Miriam Sweeney (2017) has written about the racial and gender politics of anthropomorphized interfaces like Microsoft’s failed Ms. Dewey, and recently discussed the gender politics of virtual assistants like Alexa and Siri. In particular, she suggest that designers making a woman’s voice the default setting on these devices reinforces stereotypes about women and feminized labor. In addition, the whiteness of virtual assistants, both in terms of their use of monotone standard English and lack of culturally specific knowledge has been mocked and subverted in a series of YouTube videos such as “If Siri was Mexican” and “If Amazon Alexa was Black: Shameka” along with many videos of users with accented speech attempting to use virtual assistants.
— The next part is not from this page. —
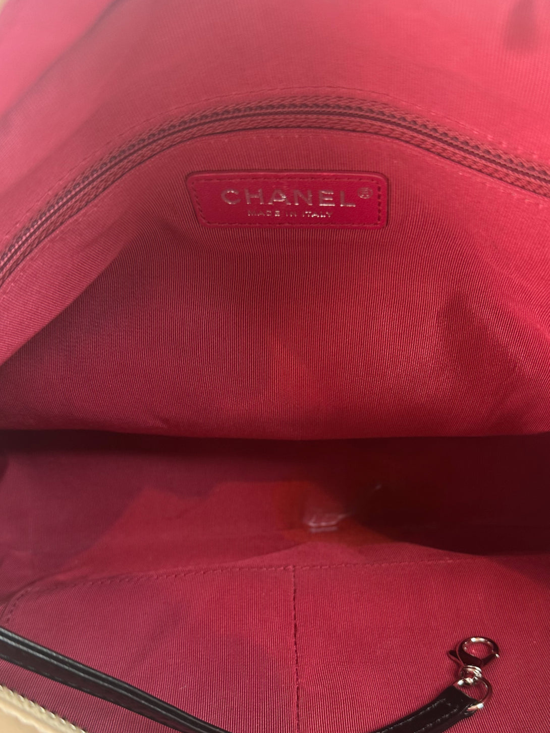 Good: Items show more prominent wear such as noticeable discoloration, stains and snags to fabric. May have worn corners and handles, tarnishing to hardware and creasing to leather. Pen or make up marks may be visible in the interior of the bag.

These re-imagined virtual assistants respond with culturally specific voices, styles of address, and search results.

Though there is rising demand for more diversity in the voice and language options for virtual assistants, to be clear, simply making a range of voice and language options available will not resolve the issue of racial and gender inequality in these technologies. On the contrary, as Kishonna Gray (2012) has shown, voiced based interactions in digital spaces, such as voice chat in online gaming, are often rampant with linguistic profiling and racist and sexist hate speech that can make such digital spaces extremely hostile for women and people of color. The stakes of sonic difference within digital forms are high and require critical attention on the regulations and algorithmic systems that reinforce such inequalities.

Nevertheless, the productive possibilities of imagining the voiced features/futures of computing technology like Goulet’s Mohawk orb has much to offer media scholars interested in the digital sounds and settings that shape contemporary discourses of gender, race, and Indigeneity. As Jason Edward Lewis (2014) has written,

By engaging in the conversation that is shaping new media systems and structures, Native people can claim an agency in how that shaping carries forward. And, by acting as agents, not only can we help to expand the epistemological assumptions upon which those systems and structures are based but we can stake out our own territory in a common future (p. 63).

Though Indigenous peoples are often ignored or presumed irrelevant to mainstream culture and digital technology, how can we can begin to listen up and ask for more as we imagine the sound of our shared digital futures?